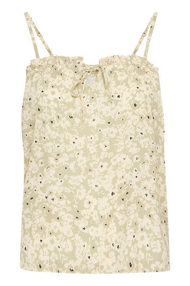 - OBS! Fjernlager. Levering kan blive forlænget med 2-3 dage, hvis varen ikke findes i vores butik lige nu.Smart top fra Ichi med smalle skulderstropper, en lille flæsekant i toppen og en fin bindebånds detalje foran.
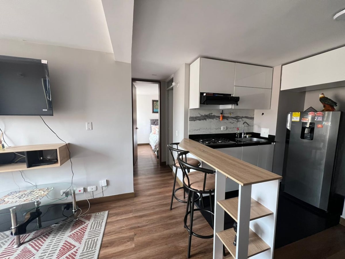 Apartaestudio tipo loft independiente muy tranquilo, en el podrás disfrutar de un Smart tv 43' con tv cable para ver tus mejores programas, películas o eventos deportivos. La comodidad de una cama doble con sábanas, almohadas, cobijas. Cocina completamente equipada para que prepares tus platos y bebidas favoritas. Baño con agua caliente y para tus horas de trabajo cuentas con escritorio y una silla cómoda, todo esto para una linda experiencia como en casa.
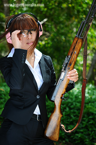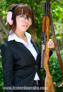 TAURUS PT92の9mmルガー弾のリコイルは結構女性にはキツいはずなのだが、乙夜さんはそこそこ反動を押さえ込んでいる。
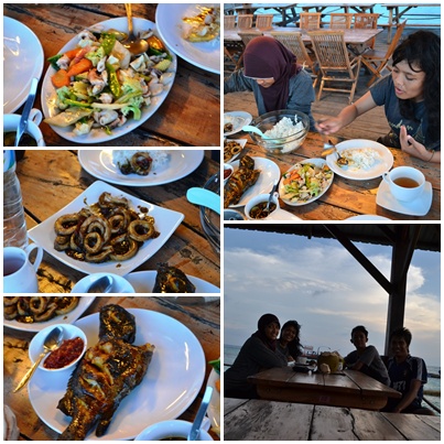 Memasuki Restauran elit Nusa, kamipun mencoba seafoodnya berupa capcay,ikan bakar,nasi, kelapa muda, lemon tea, cumi-cumi yang harganya Rp320.000/4 orang. Sebenarnya hal inilah yang membuat biaya perjalanan kami besar kalau tidak ada ini maka perjalan ke Pulau Seribu kami benar-benar perjalanan hemat dan ekonomis, tapi tidak apalah kami menikmati hidup dengan menyengakan hati dengan makanan seafood yang rasanya enak.
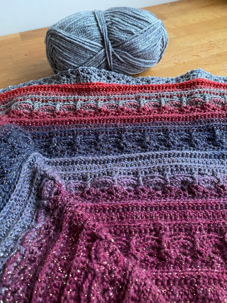 The last two rows of the slightly marled grey yarn is a new ball I bought on Monday. I’m not entirely happy with it, although I tried hard to match the yarns. It’s also aran and has roughly 20% of wool like the Katia silver paint, now discontinued, that I used for the rest of the shawl, but it feels thicker. I think it’s going to be much bulkier when I start to crochet the shells. My plan is to search eBay, yet again, and then email Katia brand and throw myself on their mercy in hope of a stray ball, or a recommendation of another of their yarns which may be a better match. It can’t hurt, can it?
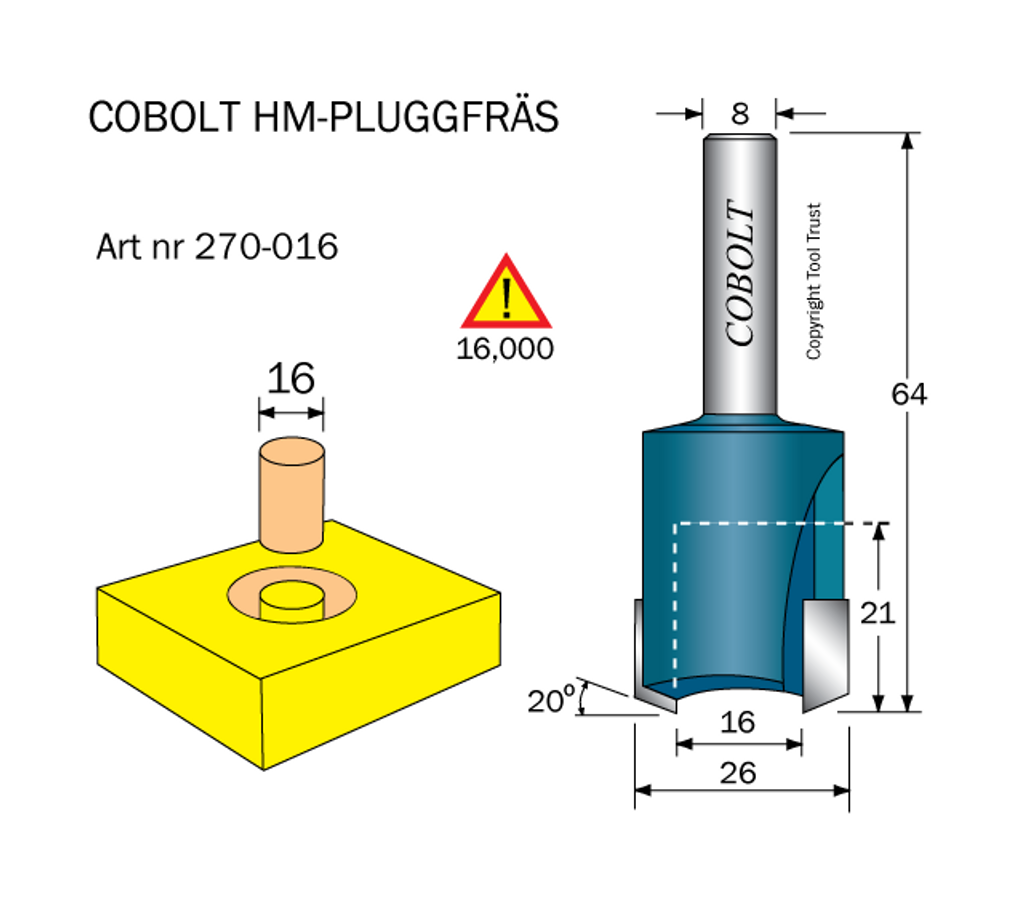 Cobolt pluggfräsar & kvistborr med hårdmetallskär. Cobolts HM Pluggfräsar/tappborrar för tillverkning av träpluggar vid reparationer och dolda montage.
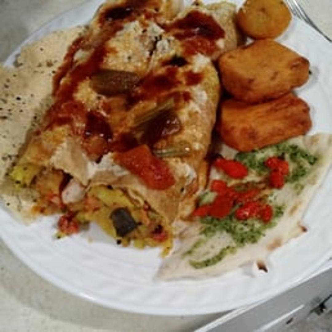 A South Indian crispy crepe (dosa) filled with a delicious and spiced chicken masala. Served with sambar (lentil-based vegetable stew) and coconut chutney for a complete and satisfying meal.
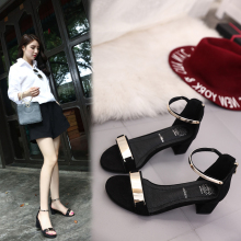 凉鞋女夏中跟高跟鞋2016新款夏天百搭一字扣粗跟女士罗马凉鞋女鞋
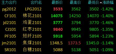 11月16日讯 国内期货市场开盘,商品期货多数上涨,化工表现偏强,甲醇、苯乙烯涨超3%,焦炭、沪银等涨逾2%,沥青、PP等涨超1%,纯碱、热卷等小幅上涨;鸡蛋、NR、LU等跌超1%,白糖、苹果、铁矿等小幅下跌。
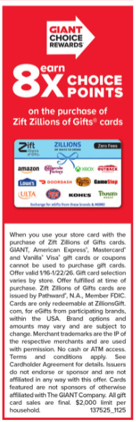 [EXPIRED] Giant/Martin’s: 8X Choice Points on Zift Zillions of Gift Cards
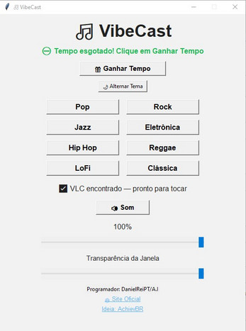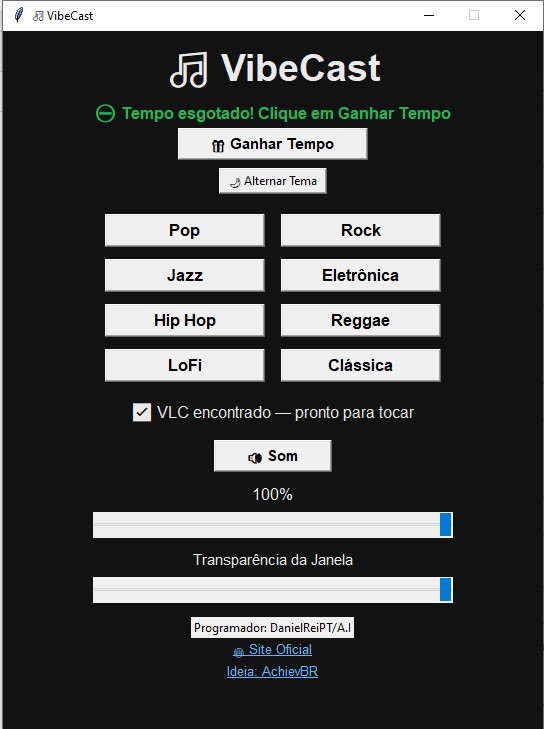VibeCast is a modern app for listening to online radio stations across a variety of genres—Pop, Rock, Lo-Fi, Jazz, Electronic, Hip Hop, Reggae, and Classical—all in a simple, fluid interface. - 💡 Perfect for those who want to listen to background music while working, gaming, or streaming! - ⚙️ System Requirements System: Windows 7, 8, 8.1, 10, 11 (32-bit) RAM: 1 GB minimum, 2 GB recommended CPU: 1 GHz single-core minimum, dual-core recommended VLC: 32-bit installed in the default path Python: 32-bit, version ≥ 3.7 Disk Space: 50–100 MB Internet: Required to play online radio - System: Windows 7, 8, 8.1, 10, 11 (64-bit) RAM: 2 GB minimum, 4 GB recommended CPU: Dual-core minimum VLC: 64-bit installed in the default path Python: 64-bit, version ≥ 3.7 Disk Space: 50–100 MB Internet: Required to play online radio - 🧠 Credits 👨💻 Developer: DanielReiPT / A.I 🌐 Official website: https://danielreipt.wixsite.com/reino/software 📺 Twitch: https://www.twitch.tv/achievbr - ⚠️ License and Use May be freely distributed (commercial and personal use). Modification of the source code is not permitted without the author's permission. Original credits must be maintained.

● ● ● ● ● ● ●

■ Try it
Your copy should hold exactly the lines from the one with "Cobolt pluggfräsar &" through the end of the records, both included, and no pictures.

■ Task answer
 Cobolt pluggfräsar & kvistborr med hårdmetallskär. Cobolts HM Pluggfräsar/tappborrar för tillverkning av träpluggar vid reparationer och dolda montage.
 A South Indian crispy crepe (dosa) filled with a delicious and spiced chicken masala. Served with sambar (lentil-based vegetable stew) and coconut chutney for a complete and satisfying meal.
 凉鞋女夏中跟高跟鞋2016新款夏天百搭一字扣粗跟女士罗马凉鞋女鞋
 11月16日讯 国内期货市场开盘,商品期货多数上涨,化工表现偏强,甲醇、苯乙烯涨超3%,焦炭、沪银等涨逾2%,沥青、PP等涨超1%,纯碱、热卷等小幅上涨;鸡蛋、NR、LU等跌超1%,白糖、苹果、铁矿等小幅下跌。
 [EXPIRED] Giant/Martin’s: 8X Choice Points on Zift Zillions of Gift Cards
VibeCast is a modern app for listening to online radio stations across a variety of genres—Pop, Rock, Lo-Fi, Jazz, Electronic, Hip Hop, Reggae, and Classical—all in a simple, fluid interface. - 💡 Perfect for those who want to listen to background music while working, gaming, or streaming! - ⚙️ System Requirements System: Windows 7, 8, 8.1, 10, 11 (32-bit) RAM: 1 GB minimum, 2 GB recommended CPU: 1 GHz single-core minimum, dual-core recommended VLC: 32-bit installed in the default path Python: 32-bit, version ≥ 3.7 Disk Space: 50–100 MB Internet: Required to play online radio - System: Windows 7, 8, 8.1, 10, 11 (64-bit) RAM: 2 GB minimum, 4 GB recommended CPU: Dual-core minimum VLC: 64-bit installed in the default path Python: 64-bit, version ≥ 3.7 Disk Space: 50–100 MB Internet: Required to play online radio - 🧠 Credits 👨💻 Developer: DanielReiPT / A.I 🌐 Official website: https://danielreipt.wixsite.com/reino/software 📺 Twitch: https://www.twitch.tv/achievbr - ⚠️ License and Use May be freely distributed (commercial and personal use). Modification of the source code is not permitted without the author's permission. Original credits must be maintained.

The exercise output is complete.